As technology creates cutting-edge avenues for the literary consumer, a not so new idea sees new opportunities: the audiobook is now making a strong comeback. Today, audiobooks are a $1.2 billion industry, and unit sales continue to grow, having increased by thirty percent in 2011 alone. Thanks to smart phones and tablets, access to audiobooks has become almost universal. To make things even more convenient, new applications allow the audiobook and ebook to sync, so consumers can listen to one and pick up where they left off in the other. So far, Audible, an Amazon-owned pioneer in audiobooks, has paired some 26,000 ebooks with professionally narrated books. The company’s goal is to bring the number up to 100,000. Don Katz, Audible’s founder and CEO, believes there is a “move toward a media-agnostic consumer who doesn’t think of the difference between textual and visual and auditory experience. It’s the story, and it is there for you in the way you want it.”

Audiobook producers are answering demand with an increase in supply as 13,255 titles were released in 2012, up from 4,602 in 2009. Some publishers are also attempting to create an exclusively audio genre. AudioGo has produced approximately twenty-five works, ranging from a remix of radio broadcasts depicting top moments in the history of baseball to a collection of original horror stories, available only for audio. The company also plans revivals of old-fashioned radio plays; in the works are ten full-cast productions to feature actors like Val Kilmer and Stacy Keach to portray roles such as Zorro and Mike Hammer. Audible has also joined the ranks, producing close to twenty original audio works in fast growing categories such as mystery and science fiction. Earlier this year, Audible recruited Orson Scott Card to write a six-hour dramatization of his best selling novel “Ender’s Game.” The audio version, entitled “Ender’s Game Alive,” will be released this October just prior to the Hollywood premier of the movie version of the novel (the cast includes Harrison Ford and Ben Kingsley). Card emphasizes the radio play is “not a simple adaptation, it is a new telling of the same story.” Other novelists are taking cue and working on their own audio exclusives: David Hewson, a British novelist of twenty-two titles, recently released “The Flood” straight to audio. Hewson said, “Until a year or two ago, audio had to come out with print, but audio is kind of its own thing now. It’s become a hot medium.”

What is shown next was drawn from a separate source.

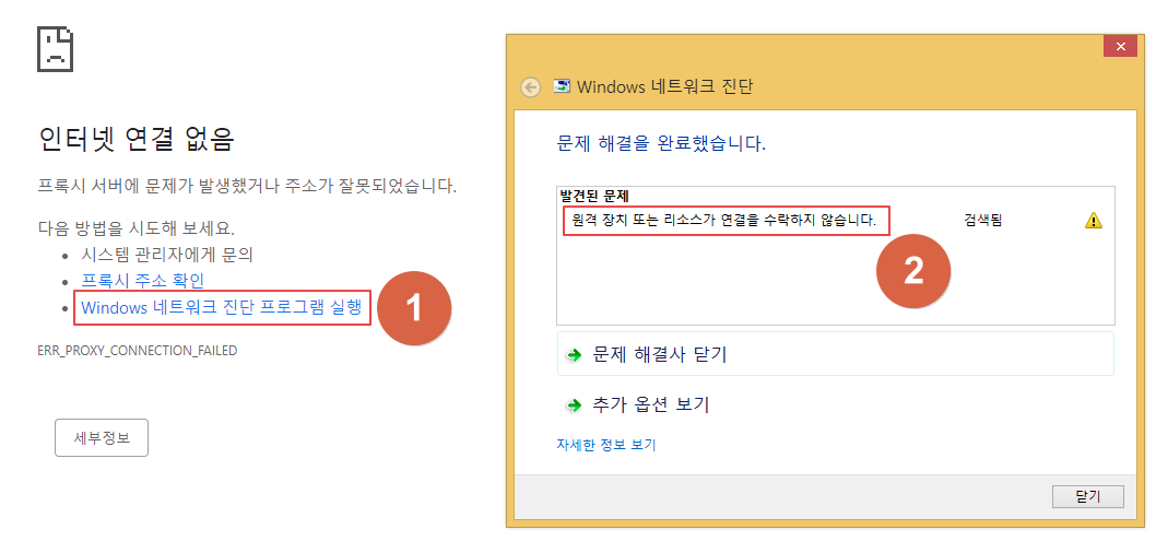 크롬에서 아무 사이트에나 들어가 왼쪽 화면이 뜨도록 해봅시다. 이 후 "Windows 네트워크 진단 프로그램 실행"을 눌러줍시다. 그러면 창이 뜨면서 네트워크를 진단하게 됩니다. 이 때 발견된 문제가 "원격 장치 또는 리소스가 연결을 수락하지 않습니다"일 때 쓸 수 있는 방법입니다.

Of course, there are those who doubt listening to a book while doing other tasks is as fulfilling as sitting down and reading. Nicholas Carr, author of The Shallows: What the Internet is Doing to Our Brains, warns, “If we come to think reading is the secondary activity we do while doing other stuff, then we lose that deepest and most important kind of reading. The broader danger is that technology will give us the illusion that everything can be done while multitasking, including reading.”